Second being that the FC is we well…kinda of like a toy when it comes to maneuvering, definitely feels light and agile. Sails go up instantly why scull when you can sail, she handles so well and seems to sail in 3 knots of wind with just the main and staysail. I can do one knot in a dead calm with the yuloh and it can be scary at times “read frightening” but challenging, always more fun with good sailing crew. You always have to watch the tides and be patient.
On the flip side If I had to listen to a motor for more than 10 minutes I would give up sailing forever. I sail for the purity of it, motors kill that for me. Just like a skier cant ski when there is no snow and a surfer cant surf when there are no waves, I cant sail unless the conditions present themselves.
Anyways I didn’t want to start an engine less tread, just very curious about how the BCC handles under Yuloh as there may be one in my future.
BTW if my funds were limitless I would sail a 40’ Hess with a big electric motor and all female crew. I use what I have and love it and learn something new every time I get the boat out.
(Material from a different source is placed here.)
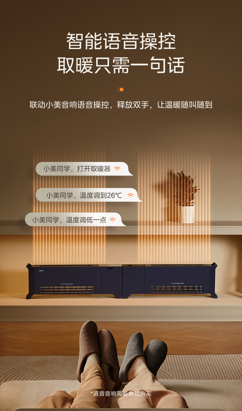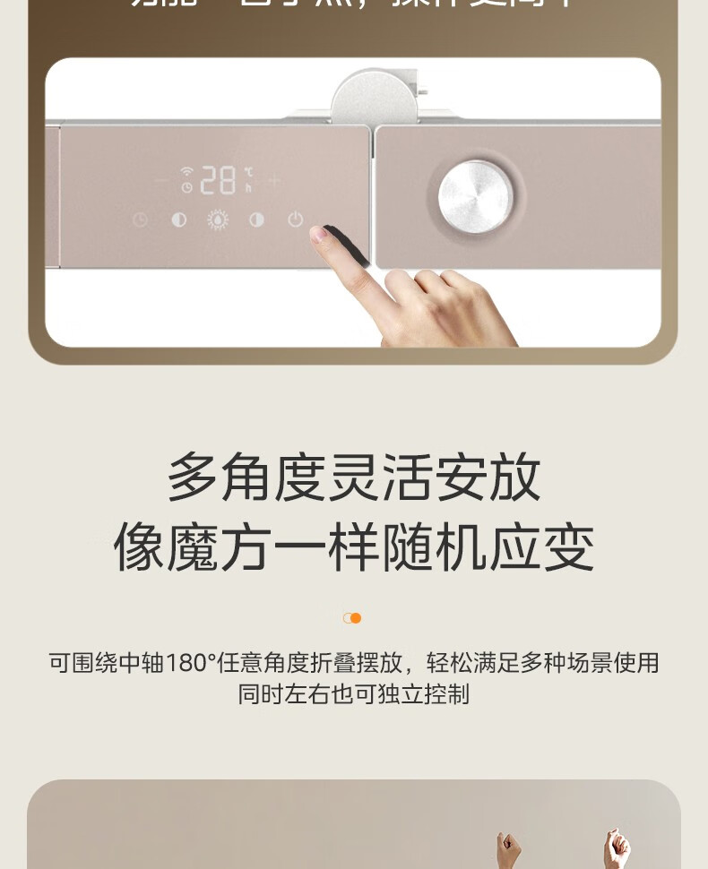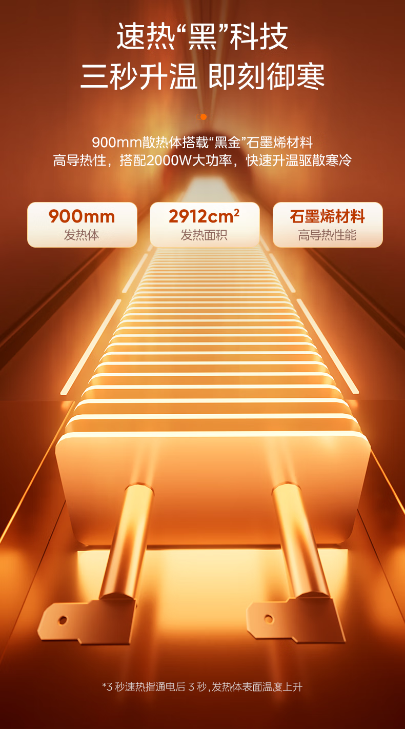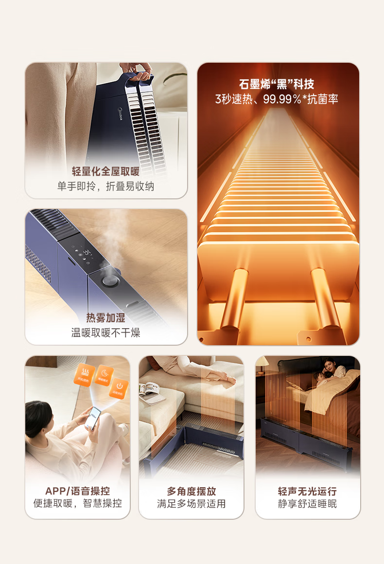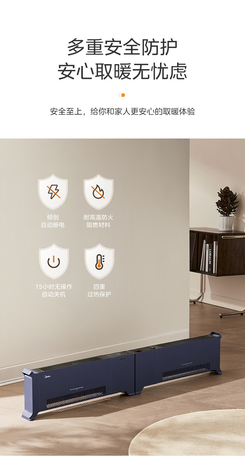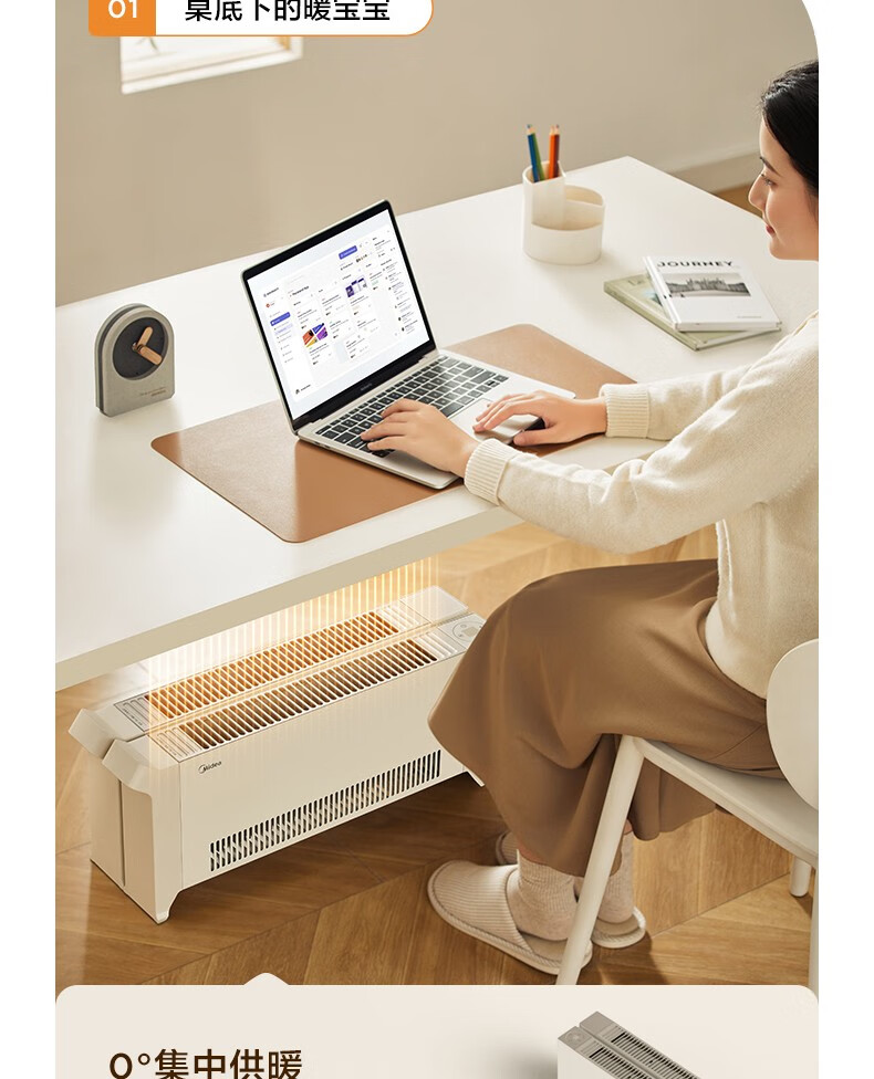 美的(Midea)石墨烯踢脚线 双擎取暖器 180°折叠电暖器 电暖气片 暖风机家用 遥控加湿IP24防水 【性价比优选】可遥控HDU20VR

I’m interested in the yuloh for my FC both for sailing purity reasons (as Barefoot mentions), and for practicality… there’s less that can wrong with a big wooden oar than with an outboard motor. Also, I think the yuloh would weigh considerably less than the 100lb outboard, and be less likely to be stolen.
Having said all that, the slip I’m looking at getting is a bit up a river from the actual coast in Portsmouth, NH. (Great Bay Marine, if anyone’s interested.) I think that motoring upstream is going to be something I’ll have to do unless I’m able to sail it.
I think I bought “Best Boats to Build or Buy” about 14 years ago, and I still find it hard to believe that I’m finally buying my first real sailboat… and it’s a Hess.